### Material to process

-=-=-

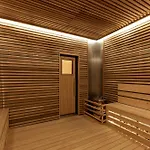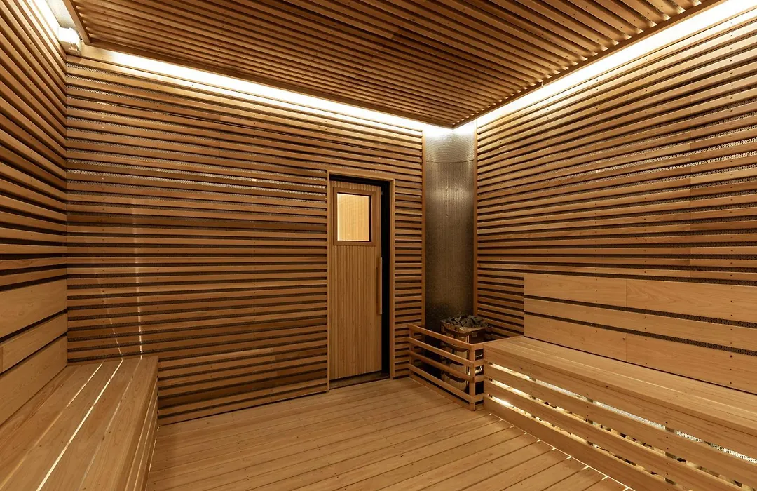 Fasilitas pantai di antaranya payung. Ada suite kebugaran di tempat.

-=-=-

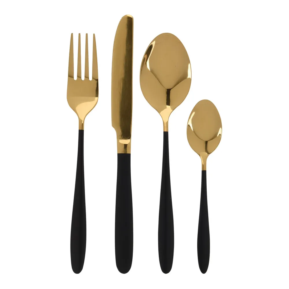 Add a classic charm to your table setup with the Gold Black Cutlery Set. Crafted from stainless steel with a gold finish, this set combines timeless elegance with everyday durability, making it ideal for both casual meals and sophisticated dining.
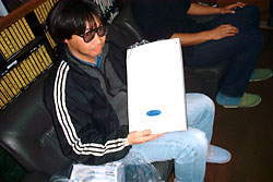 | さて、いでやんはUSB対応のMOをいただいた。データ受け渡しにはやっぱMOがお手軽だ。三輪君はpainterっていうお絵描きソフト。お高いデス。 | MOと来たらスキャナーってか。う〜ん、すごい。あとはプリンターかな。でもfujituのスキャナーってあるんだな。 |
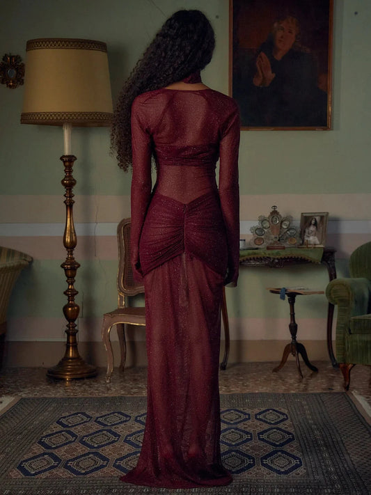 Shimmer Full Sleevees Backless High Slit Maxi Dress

-=-=-

### Problem statement
Look above for the line with "Add a classic", then give again exactly every line from there through the line with "Shimmer Full Sleevees", skipping the pictures.

### Task answer
 Add a classic charm to your table setup with the Gold Black Cutlery Set. Crafted from stainless steel with a gold finish, this set combines timeless elegance with everyday durability, making it ideal for both casual meals and sophisticated dining.
 | さて、いでやんはUSB対応のMOをいただいた。データ受け渡しにはやっぱMOがお手軽だ。三輪君はpainterっていうお絵描きソフト。お高いデス。 | MOと来たらスキャナーってか。う〜ん、すごい。あとはプリンターかな。でもfujituのスキャナーってあるんだな。 |
 Shimmer Full Sleevees Backless High Slit Maxi Dress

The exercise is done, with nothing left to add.